The following is an entry I wrote on my travel blog that I kept during my travels after I graduated from IU.

January 19, 2004

Czech it out!

(Please forgive any typo’s here … I§m at än internet cafe in Prague right now¨! this keyboard is all wierd… lots of crazy characters … the punctuation marks are all in different places, etc. +ěščž+ýížéšžú see?)

The following was written on a napkin in our train as we rolled across the German country side on the 17th:

My brother is crazy. Here I sit on a train after a late night, heading for Prague. I have with me my camera, my coat, a backpack (no suitcase, of course) with 3 shirts, socks, zero pairs of underwear, a GPS receiver that won’t work on the train, a book and my brother.

Thinking ahead to our eventual arrival in Prague, I ask him, “So, do you know how to get to our hostel from the train station?”

He just starts smiling. “That’s a ‘no’ then,” I say. I consider the situation more. “Do we have a map of Prague?”

“Oh crap! I left that at the apartment. We’ll find one when we get to the train station.” Of course, I don’t add that it will be at 10 o’clock at night in a strange city that neither of us have been to in which neither of us speak the language.

We have no plan. Only the excited assurances from everyone that ‘Prague is awesome!’ or ‘Prague is beautiful!’

So, armed only with our debit cards, a combined 10 Euros in cash, our backpacks, an insufficient amount of underwear, and no idea where we’re going, we’ll try to figure it out. … This should be awesome.

I have to say that traveling by train is one of the most chilled out and easy ways to travel. You can actually get a feeling for the countryside (Germany had lots of beautiful examples) and there’s a nice floating feeling from the train gently bobbing. However, once it got dark, this nice pleasant feeling began to erode as the realization that we were getting closer and had no clue what was going on began to take hold.
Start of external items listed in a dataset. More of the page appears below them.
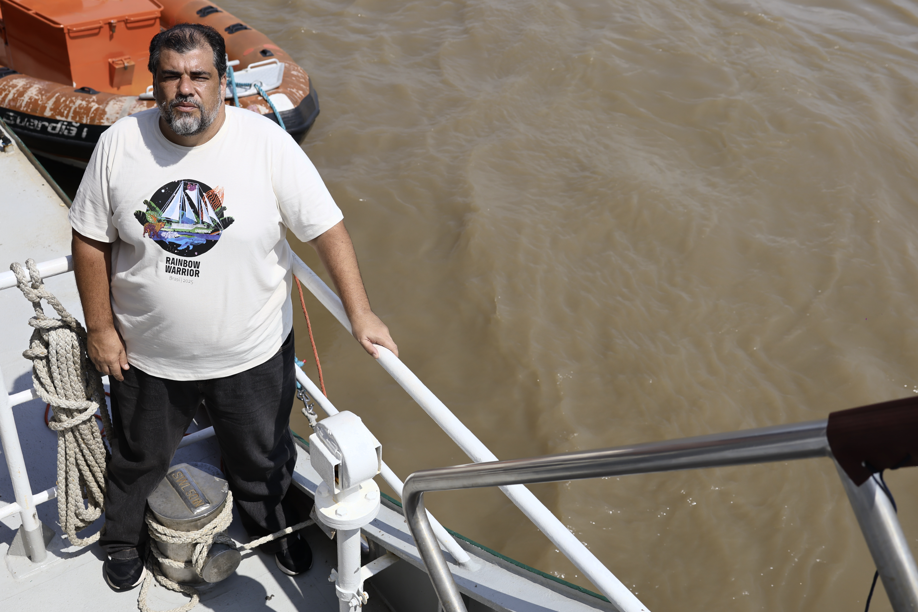 來到巴西貝倫 COP30 會場附近的大學,環保組織綠色和平的「彩虹勇士號」船艦停靠在碼頭,船身掛著一幅醒目標語:「 Action, Justice, Hope」(行動、正義、希望)。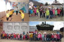 Бүген зурлар төркемендә Арефьева Римма Ханифовна Бөек Ватан сугышында һәләк булган солдатларга багышланган ярыш уздырды. Шулай ук барлык бакчадагы балалар белән "Фронт хатлары" дип язылган видеоязманы карадык. Аны Сарман туган якны ойрэну музей хезмәткәрләре әзерләп бүләк иттеләр, чөнки ул видеоязмада безнең балалар да актив катнашалар. Ахырдан, балалар белән җыелышып, һәйкәлгә чәчәклэр салдык./ Сегодня в ДОУ мы провели спортивный праздник, посвященный ко Дню Великой Победы, его организовали и провели воспитанники старшей группы вместе с воспитателями и инструктором физической культуры Арефьевой Р.Х., музыкальным работником Фаттаховой Г.Ф..После мероприятия все группы возложили цветы на мемориале.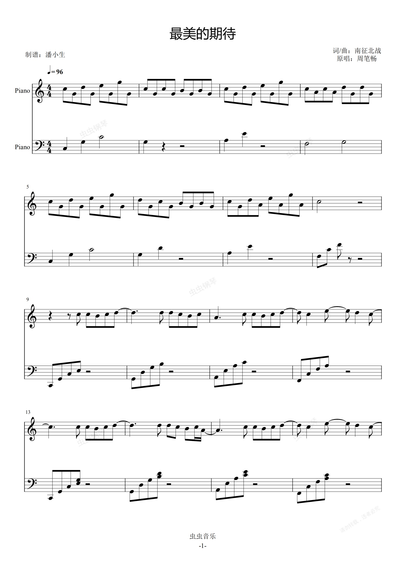 钢琴谱:最美的期待 C调 独奏 简易版《茧镇奇缘》电视剧片头曲

At 6:50, I wrote the following on the same napkin:

Czech Republic, on train, with realization that we’re doomed.

    LAST WILL AND TESTAMENT, Nathan Shipley
- Computers: Andrew
- Car: Emily
- Apartment: Millenium properties
- Deck of cards: Jeff (if not already dead too)
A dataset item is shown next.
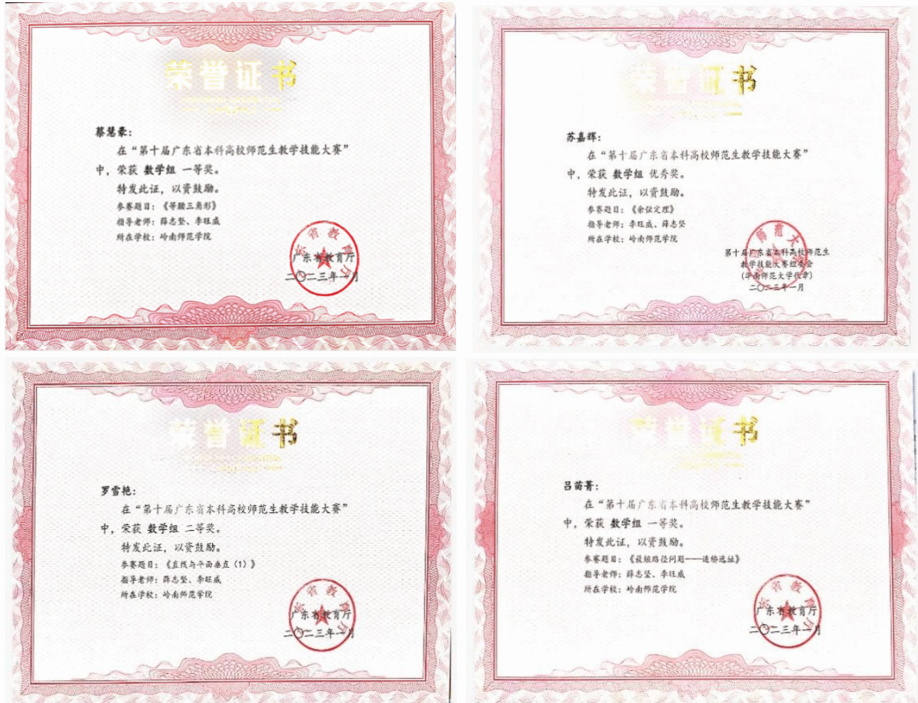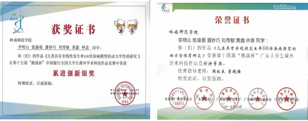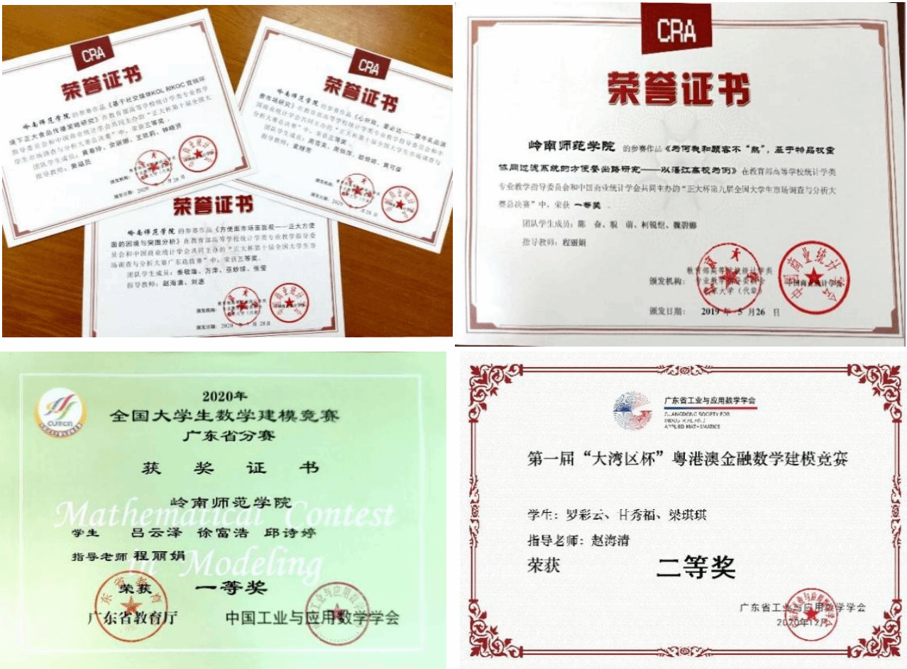 卓越人才和创新型人才培养模式的成功实施,学生的创新和实践能力得到明显提升,学院人才培养质量和学科竞赛成绩显著。2017年以来,我院学生获全国“挑战杯”大学生课外学术科技竞赛国家二等奖3项、国家累进创新银奖1项和铜奖2项,广东省特等奖3项;获广东省“挑战杯”创业计划大赛金奖、银奖5项;先后在全国大学生数学建模竞赛、全国大学生数学竞赛和本科高校师范生教学技能大赛等竞赛中获省级以上奖项200余项;发表学术论文30余篇。每年有30名左右学生考取硕士研究生。2020—2023年,我院学生连续参加广东省师范生技能大赛,共获得一等奖10项、二等奖2项、三等奖3项的好成绩(注:该赛事数学学科每个学校每年只有4个参赛名额,全省一等奖的设置每年只有6个名额),总成绩排全省数学组第一名。2021年,获美国大学生数学建模竞赛(MCM)一等奖1项、二等奖1项,实现了我院学生参加国际大赛战绩零的突破。

It’s just getting snowier… We’re careening towards Prague… We just realized that our ticket only takes us to a stop 3km outside of the center of the town. We’ll just hope that they don’t kick us off at the earlier stop.

That aside, we continue forward, as visions of muggings dance through our heads, with hopes the police are soon to be there.

I am now officially ‘rather nervous.’ I’d say we’re doing very little at the moment to “have a safe trip!” as so many people implored me to do before I left. I think Jeff put it all quite nicely and accurately when he said, “Its a good thing Nancy doesn’t know about this otherwise she’d shit.”

Well, we didn’t get kicked off the train early, got off the train and ventured out in to the cold. Remarkably, the first place we went to someone helpful who spoke English, sold us a cheap map, and told us that our hostel was only a 10 minute walk from the station! Incredible! Score one for the good guys. We didn’t even get mugged.

We easily made it to our hostel and everything has been just fine since. This city is amazingly beautiful. At every corner we turn, there is another building or sculpture that is old and intricate, different from every other thing we’ve seen and just beautiful. I love the city.